KALMUS is a Python package for the computational analysis of colors in films. It provides quantitative tools to study and compare the use of film color. This package serves two purposes: (1) various ways to measure, calculate and compare a film's colors and (2) various ways to visualize a film's color. We have named the software KALMUS in homage to Natalie Kalmus (1882 - 1965), a Technicolor Director who oversaw the color palettes of nearly 300 Hollywood feature films.
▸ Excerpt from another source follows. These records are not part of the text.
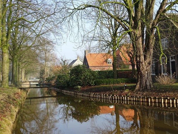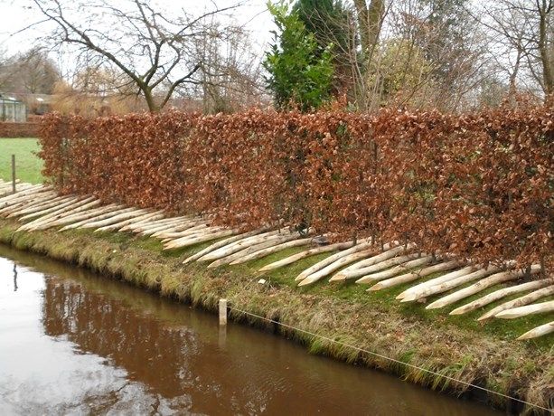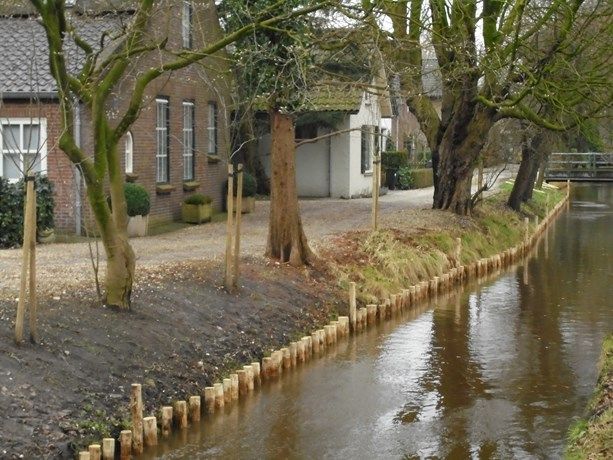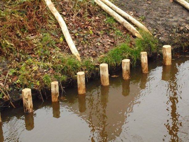 Foto onder: De beschoeiing langs de Vaart met de aansluiting op de Lei. Het is een natuurvriendelijk beschoeiing van onbewerkte palen.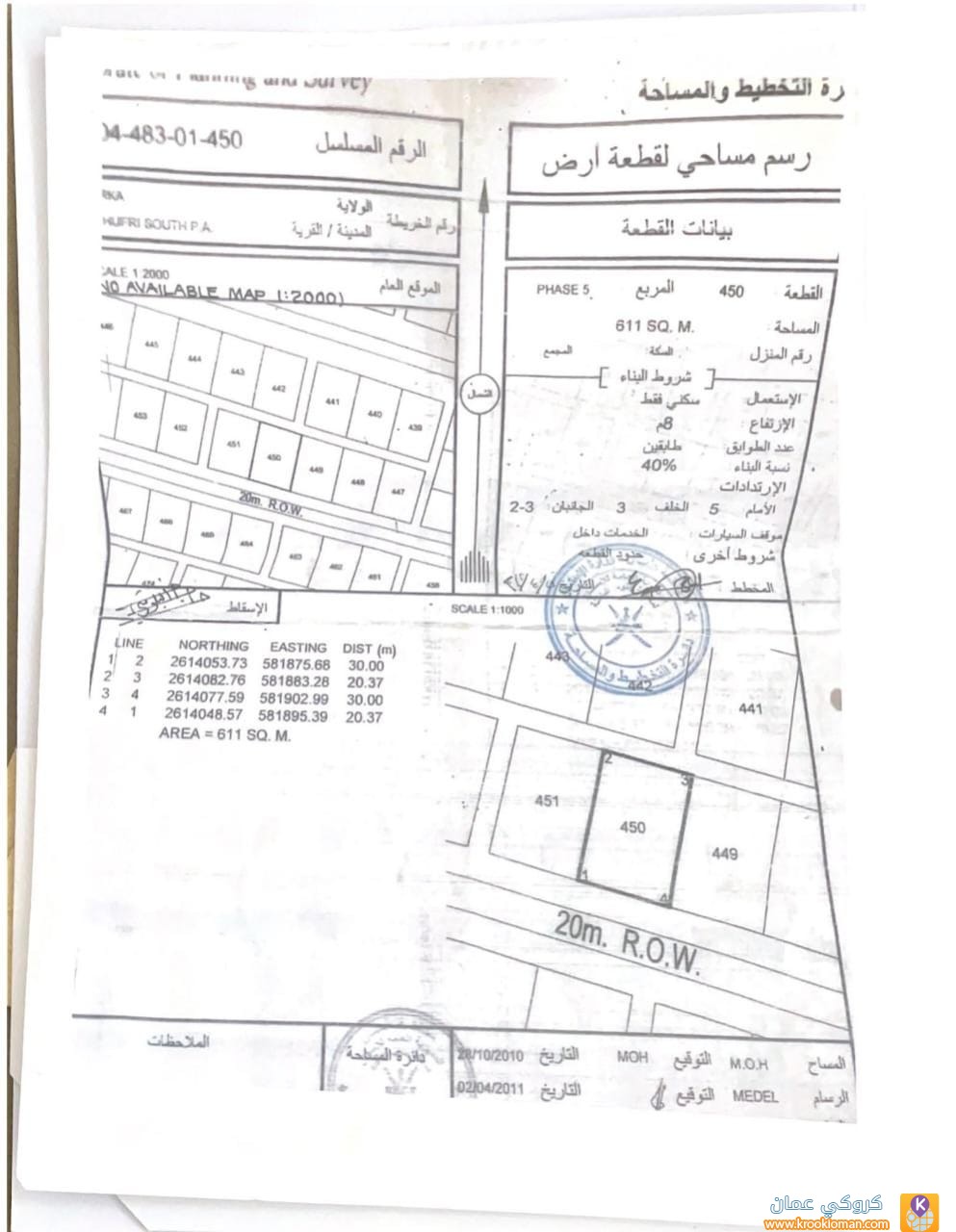 - مساحه الأرض (611)متر مربع ، وسطية ونظيفة ومستوية تماما ، جنبها العديد من المنازل القائمه .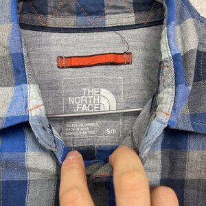 The North Face Mens S Blue Plaid Button Up Long Sleeve Outdoor Shirt Lumberjack

KALMUS utilizes the movie barcode as a visualization of the film's color. It has a modularized pipeline for the generation of barcodes using different measures of color and region of interest in each film frame. KALMUS provides a low-level API, high-level command line, and Graphic user interface for audience from all backgrounds to take advantage of its functionality.
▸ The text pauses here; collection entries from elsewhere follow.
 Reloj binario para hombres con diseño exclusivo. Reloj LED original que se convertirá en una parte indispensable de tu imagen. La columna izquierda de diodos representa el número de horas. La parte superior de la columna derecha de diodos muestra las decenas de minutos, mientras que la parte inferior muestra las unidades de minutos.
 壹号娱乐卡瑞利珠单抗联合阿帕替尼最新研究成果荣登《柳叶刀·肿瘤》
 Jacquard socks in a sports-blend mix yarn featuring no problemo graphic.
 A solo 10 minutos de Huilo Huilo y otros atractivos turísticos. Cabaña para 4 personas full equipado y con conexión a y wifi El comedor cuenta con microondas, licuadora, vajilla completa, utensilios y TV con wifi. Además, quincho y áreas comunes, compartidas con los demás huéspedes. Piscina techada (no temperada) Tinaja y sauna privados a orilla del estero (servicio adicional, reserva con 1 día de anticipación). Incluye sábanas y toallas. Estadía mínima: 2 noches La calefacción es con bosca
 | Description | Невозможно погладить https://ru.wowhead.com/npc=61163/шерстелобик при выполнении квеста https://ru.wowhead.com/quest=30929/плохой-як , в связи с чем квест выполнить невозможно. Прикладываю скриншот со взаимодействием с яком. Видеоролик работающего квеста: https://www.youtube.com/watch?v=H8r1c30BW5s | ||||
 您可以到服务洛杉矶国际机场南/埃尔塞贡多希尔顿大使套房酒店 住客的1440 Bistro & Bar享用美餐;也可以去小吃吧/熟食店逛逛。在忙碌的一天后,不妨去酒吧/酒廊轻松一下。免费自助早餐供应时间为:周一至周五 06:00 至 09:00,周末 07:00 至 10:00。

- What is a Movie Barcode: KALMUS: tools for color analysis of films. Journal of Open Source Software, 6(61), 3156. https://doi.org/10.21105/joss.03156
- How do I install the KALMUS: KALMUS Installation Guide and KALMUS PyPI Homepage.
- How do I use the KALMUS: Notebook Tutorials for KALMUS's API, GUI, and CLI
- How do I contribute to the KALMUS: KALMUS Contribution Guidelines
- How do I run the KALMUS's automated test suite: Auomated Test Suite
Examples of Barcode visualization:
Figure 1. Mission: Impossible (1996) color barcode using the average color of whole frame for each frame
Figure 2. Mission: Impossible (1996) color barcode using the average color of foreground of each frame
The KALMUS API reference is now available on https://kalmus-color-toolkit.github.io/KALMUS/kalmus.html.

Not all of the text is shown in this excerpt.